Холли долго молча глядела на него, пытаясь понять, о чем же думает странный чужак.
– Кто вы? – спросила она наконец.
– Серьезно, ни малейшего понятия. Уж поверьте, мне очень не хотелось бы беспокоить вас, но я не знаю, что еще предпринять. Я всего лишь то, что вы видите перед собой. Ничего больше. Я потерялся и пытаюсь отыскать себя. И прошу вас о помощи.
– Вы приехали сюда с Морганом.
– Но ведь я не уехал с ним, разве нет?
– Это ничего не доказывает. Вы все равно можете быть заодно с ним, выказывая симпатию, стараясь втереться в доверие, говоря, что хотели помочь Джиму, – чтобы я потеряла осторожность и выболтала побольше.
– Думаете, если бы они и вправду хотели чего-то подобного, то нашли бы кого-нибудь вроде меня?

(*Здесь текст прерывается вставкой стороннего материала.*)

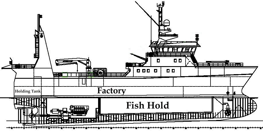 The Katsheshuk II was built in Norway in 1995 as a single-screw stern trawler of all-welded steel construction (photo 1). The navigating bridge and crew accommodation are located forward, and the engine room is located aft. The vessel’s shrimp-processing factory is situated one deck above the fish hold (Appendix A). The hull is subdivided by 5 transverse watertight bulkheads. A watertight inner bottom, enclosing double-bottom tanks, extends the length of the fish hold, while the hull in way of the engine room is of part double-bottom construction.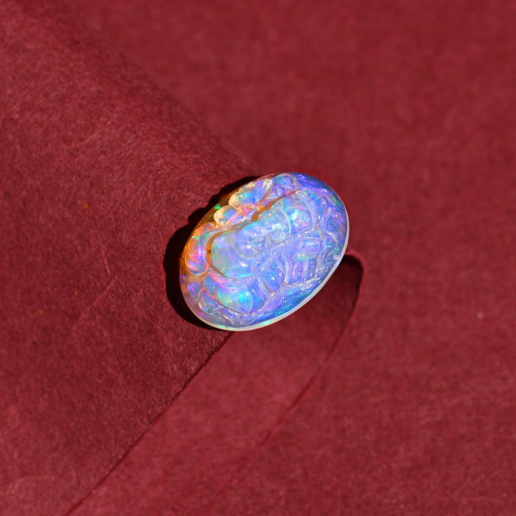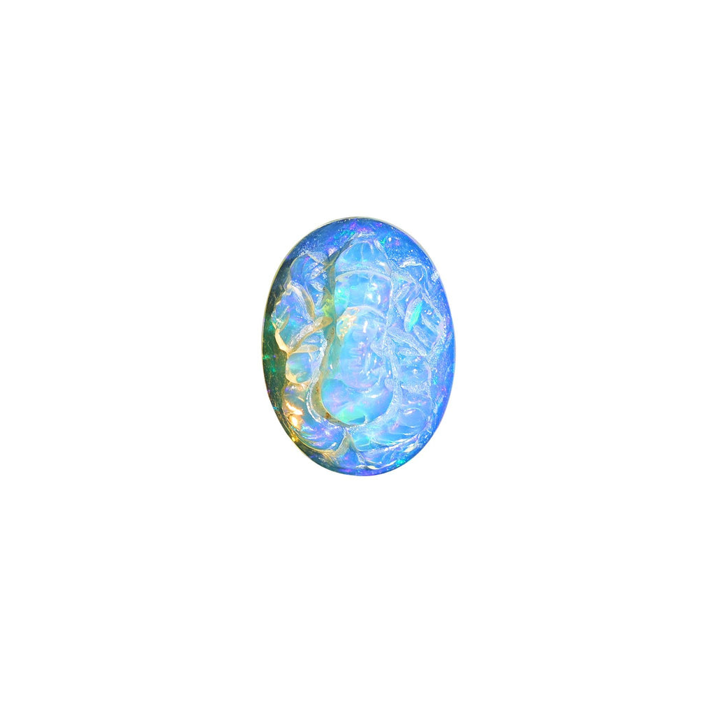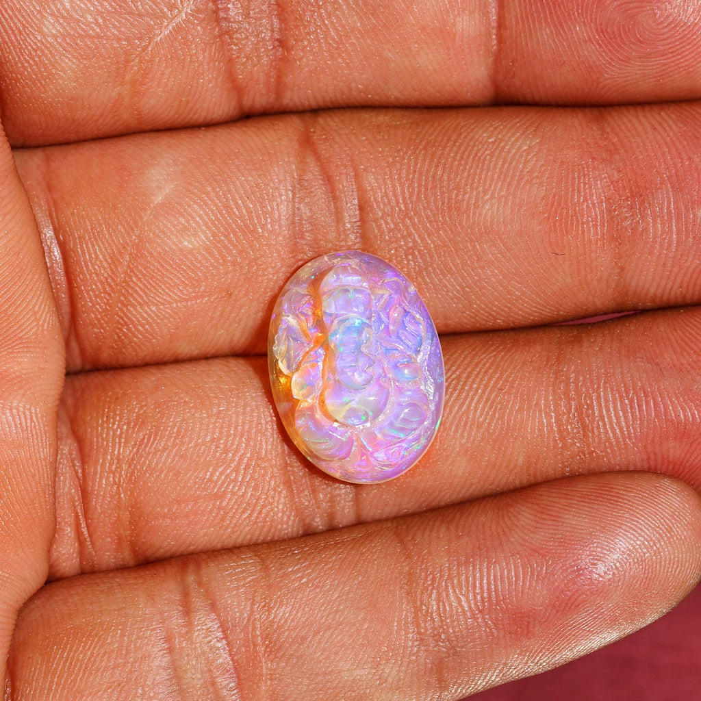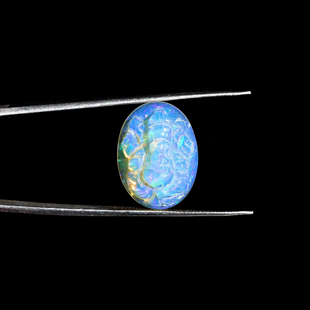 8.60 Carat Carved White Ethiopian Opal Ganesha Figurine

Холли окинула Соломона взглядом, чуть задержав его на босых ногах, затем снова посмотрела в лицо. По крыше колотил дождь, словно барабанная дробь предвещала ответ.
– Покажите мне книгу!
Соломон передал мемуары. Холли перечитала страницу посвящения, нахмурилась, кивнула, решившись. Затем встала и расправила платье:
– Пойдемте со мной. Думаю, вам стоит кое-что увидеть.
Кэссиди глядел на проносившийся за окном обугленный мир и все глубже погружался в отчаяние. Ремонт будет стоить состояние! А сколько еще потерь от неприехавших туристов из-за того, что на ремонте главная дорога в город.
– Кажется, исходная точка пожара – прямо впереди, – сообщил агент.
Как же его зовут? Странно, раньше не случалось забывать имена. Вот что делает стресс. Отец еще в детстве научил тому, как важно помнить имена.
– Они все знают твое имя, – говорил он. – Все знают Кэссиди. Так что тебе надо уравнивать счет, располагать к себе людей. Ты должен жать им руки так, будто всю жизнь мечтал встретиться с ними, и дважды повторять их имена, глядя при этом в глаза. Ничего не вызывает большего уважения, чем память на имена. Если забудешь – будто плюнешь человеку в лицо.